Hello all! I have been lurking for awhile but haven't found situations like ours so I felt it was time to post. We are an American family (47, 43, 13, 11) living in Denver, Colorado. We are looking to retire overseas in 5 years but will retain our home in Denver for residency and Medicaid/Medicare issues for my son (And us later on). I have been searching every continent and feel that Malaysia and southern Spain are the top contenders. We plan to get to a top three list and then do extended stays for research before picking one. (My daughter and I have traveled extensively so Asia is not as exotic to us as it might be for my husband and son.) Below is our list of things we are looking for in a location (and which I feel malaysia has covered easily). I am wondering if anyone has feedback on areas within Malaysia to help narrow the field.

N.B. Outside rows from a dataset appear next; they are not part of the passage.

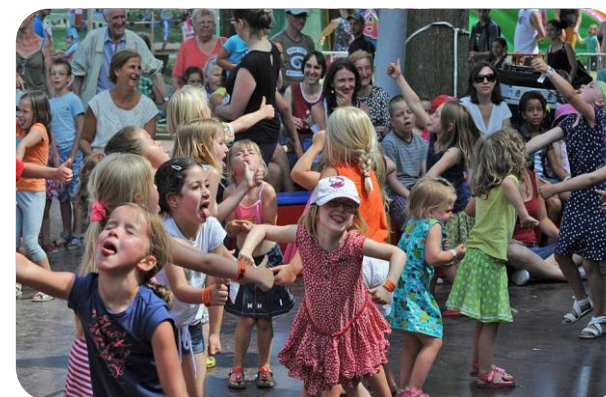
Kindvriendelijke Gentse Feesten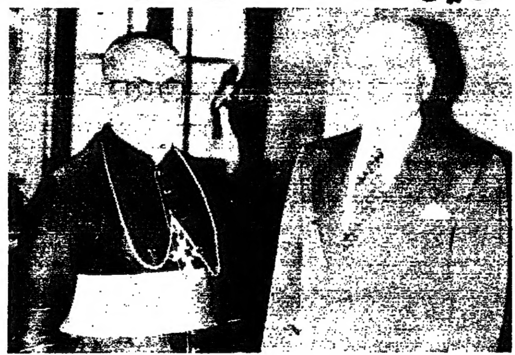
بطريرك خريش أثناء استقباله الرئيس سلام في بكركي امس

كنا ان الل كبر ايضا بان تكون هذه الاحداث التي مورنا بها اخر ما نراه من نوعها ، وان يعود لبنان الى سابق عهده ، لبنان الحية ولبنان التعاون ، ولبنان العزيز المحب للجميع والمفضل عن المبادئ الخيرة والخشي لكل حق ولكل عدل .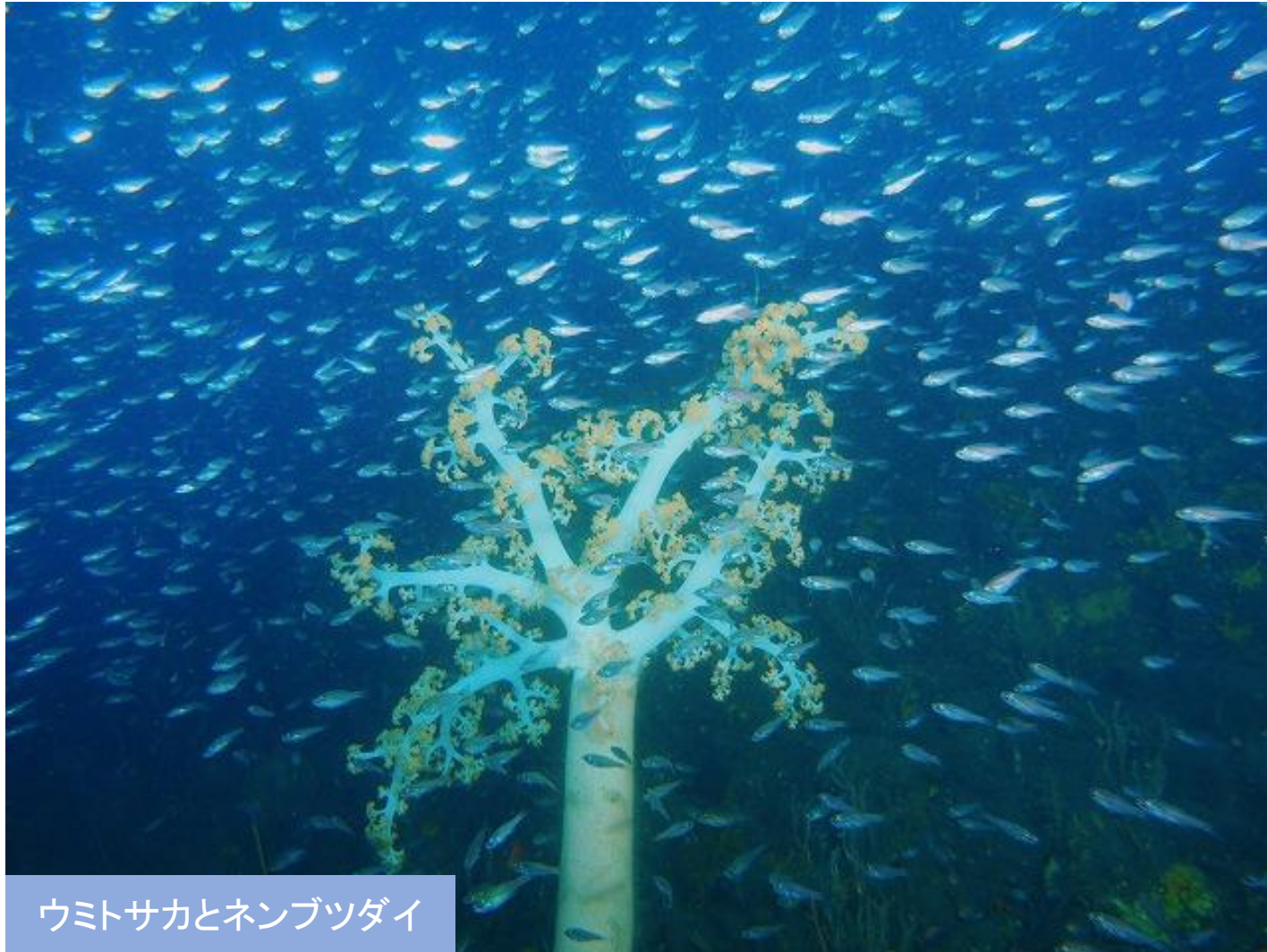
ウミトサカとネンブツダイ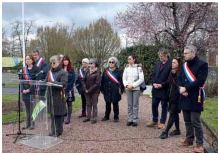
Dimanche 19 mars devant la Stèle du souvenir, commémoration en mémoire des victimes civiles et militaires de la guerre d'Algérie, ainsi que des combats en Tunisie et au Maroc.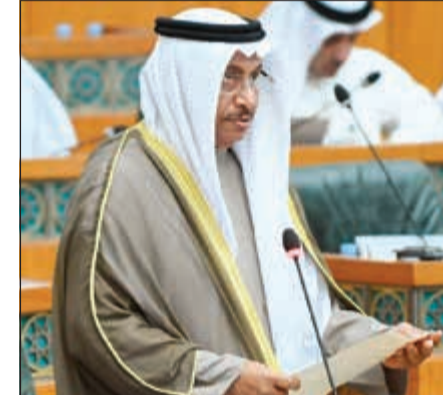
سمو رئيس مجلس الوزراء الشيخ جابر المبارك (هاني الشمري)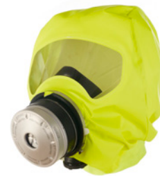
Dräger PARAT® 5500 brandvluchtbank

Vervangt u na 8 jaar het filter, dan wordt de levensduur verlengd naar in totaal 16 jaar. Dat levert u op lange termijn een grote kostenbesparing op. Het filter kan men na een gerichte Dräger-opleiding heel eenvoudig zelf vervangen.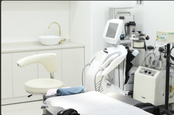
수술실 Operating Room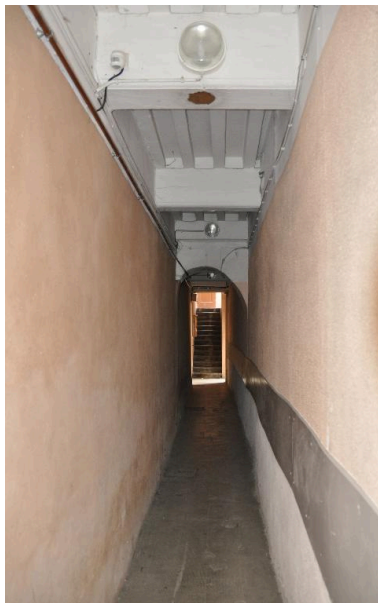
Vue de l'allée

- open to foreigners, ie not xenophobic
- good blend of expats and locals
- While I would like to live more integrated, I imagine an expat community or more western style home would help the husband and kids feel "at home".
- good internet (for family and possibly work if my husband keeps up some level of connection)
- personal safety (at home, in a vehicle, out and about). I lived in India and have spent quite a bit of time in Singapore, China and Japan so I am not unaware of road craziness but do want some semblance of safety and real Emt / hospital.
- legal to homeschool 
-decent housing for $300,000 usd (preferably with no steps, minimal steps or elevator)
- activities for each of us ( golf, biking, hiking, fishing, hunting, skiing, snorkel, scuba, beach, ride horses, reading, local sites/history, dinners out, theater, local arts, museums, markets, other kids, etc...)
- places to volunteer 
- ability to hire support staff (my son has significant special needs - he uses a walker / cane and can do steps with assistance.)
- good medical facilities (my sons situation is stable but would feel better knowing there was something reasonably close).
- international airport in order to continue seeing the world
- reasonable cost of living expenses
- relative ease in everyday activities, ie grocery store/ market, paying bills, banking, etc
- we are not big city people 


Currently, thinking about Penang, Cameron Highlands, way outskirts of Kuala Lumpur but really open to ideas from those of you that are there.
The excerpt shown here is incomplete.